I get what your saying, but I'm not suggesting a machine is adjusted to suit a certain coffee. What I'm saying is that Classic's released recently are over-pressured. It's Gaggia in fact that are adjusting for pods. The number of people modding their machines seems to suggest this also (adjusting from 9/10bar from 15bar pressure). I release there are many factors in producing a good shot, but surely the machine needs to be correct to begin with too? Once you have a good base you can then start to learn the true art of coffee. But for me it's like learning to drive in a car with flat tires.

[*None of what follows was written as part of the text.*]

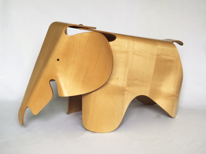 Masse Anfang der Vierziger Jahre entwickelten Charles und Ray Eames die Technik der dreidimensionalen Sperrholzverformung und setzten diese wegweisende Innovation zur Herstellung unterschiedlicher Möbel und Skulpturen ein. Unter den frühen Entwürfen aus Plywood ist der Elephant der fertigungstechnisch anspruchsvollste, verlangt er mit seinen engen und gegenläufigen Rundungen doch eine perfekte Beherrschung der Plywood-Technologie. Der fertigungstechnisch aufwendige Entwurf ging nie in Produktion. Zwei Prototypen waren 1945/46 im Museum of Modern Art in New York zu sehen. Heute ist nur noch ein einziger Plywood Elephant im Besitz der Eames Familie bekannt. Im Rahmen einer streng limitierten Edition macht Vitra den legendären Eames Plywood Elephant nach Vorbild des Prototypen 2007 erstmals seriell verfügbar. |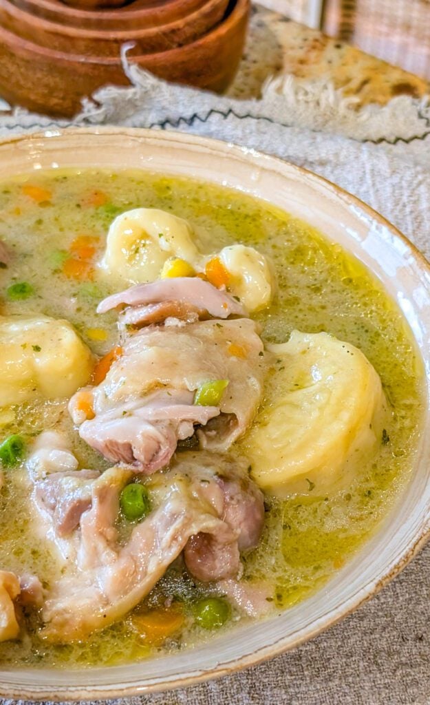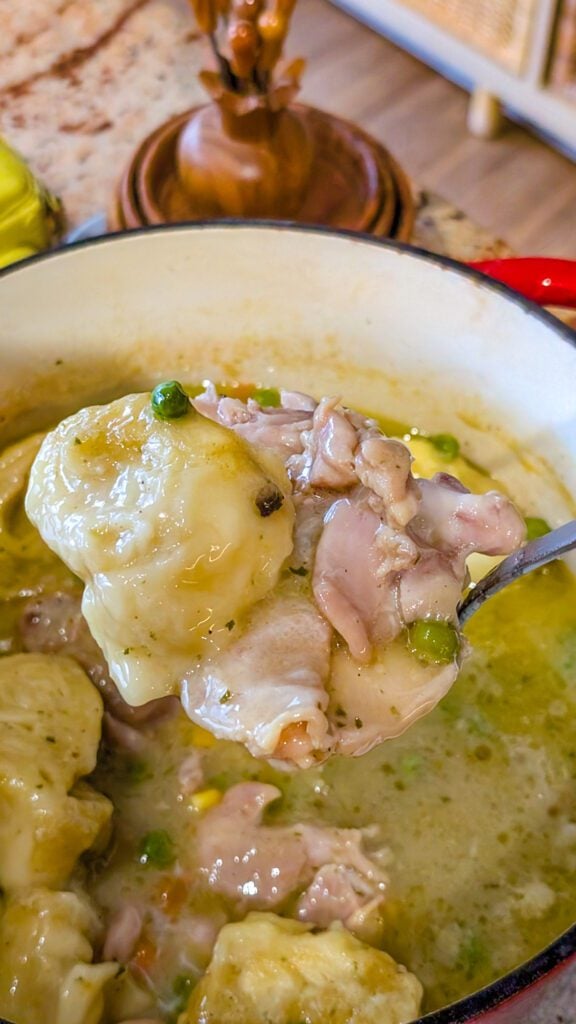 Leftovers store very well, making this an ideal make-ahead meal. Store cooled chicken and dumplings in an airtight container in the refrigerator for up to 3–4 days. For freezing, portion into freezer-safe containers and freeze for up to 3 months. Thaw overnight in the refrigerator and reheat gently on the stovetop, stirring occasionally to maintain the creamy consistency of the dumplings.

Always happy to be proven wrong though


----------



## RoloD (Oct 13, 2010)

autopilot said:


> I get what your saying, but I'm not suggesting a machine is adjusted to suit a certain coffee. What I'm saying is that Classic's released recently are over-pressured. It's Gaggia in fact that are adjusting for pods. The number of people modding their machines seems to suggest this also (adjusting from 9/10bar from 15bar pressure). I release there are many factors in producing a good shot, but surely the machine needs to be correct to begin with too?


There are reasons why people adjust the pressure on their Gaggia, but that really is not the issue here. If you are getting a 15 second extraction your grind is too coarse. If you are using pre-ground espresso you can not really rely on getting a good extraction.


----------



## lookseehear (Jul 16, 2010)

autopilot said:


> I get what your saying, but I'm not suggesting a machine is adjusted to suit a certain coffee. What I'm saying is that Classic's released recently are over-pressured. It's Gaggia in fact that are adjusting for pods. The number of people modding their machines seems to suggest this also (adjusting from 9/10bar from 15bar pressure). I release there are many factors in producing a good shot, but surely the machine needs to be correct to begin with too? Once you have a good base you can then start to learn the true art of coffee. But for me it's like learning to drive in a car with flat tires.
> 
> Always happy to be proven wrong though


This isn't a recent thing - the Gaggia I bought second hand over a year ago was at least two or three years old when it came to me and when I checked the over pressure valve it was set at 13ish bar.

You'll find the coffee improves with an adjustment in the OPV but if you can't get past. 15 second shot the OPV isn't going the help.

As has been said many times - it's all about the grinder really!


----------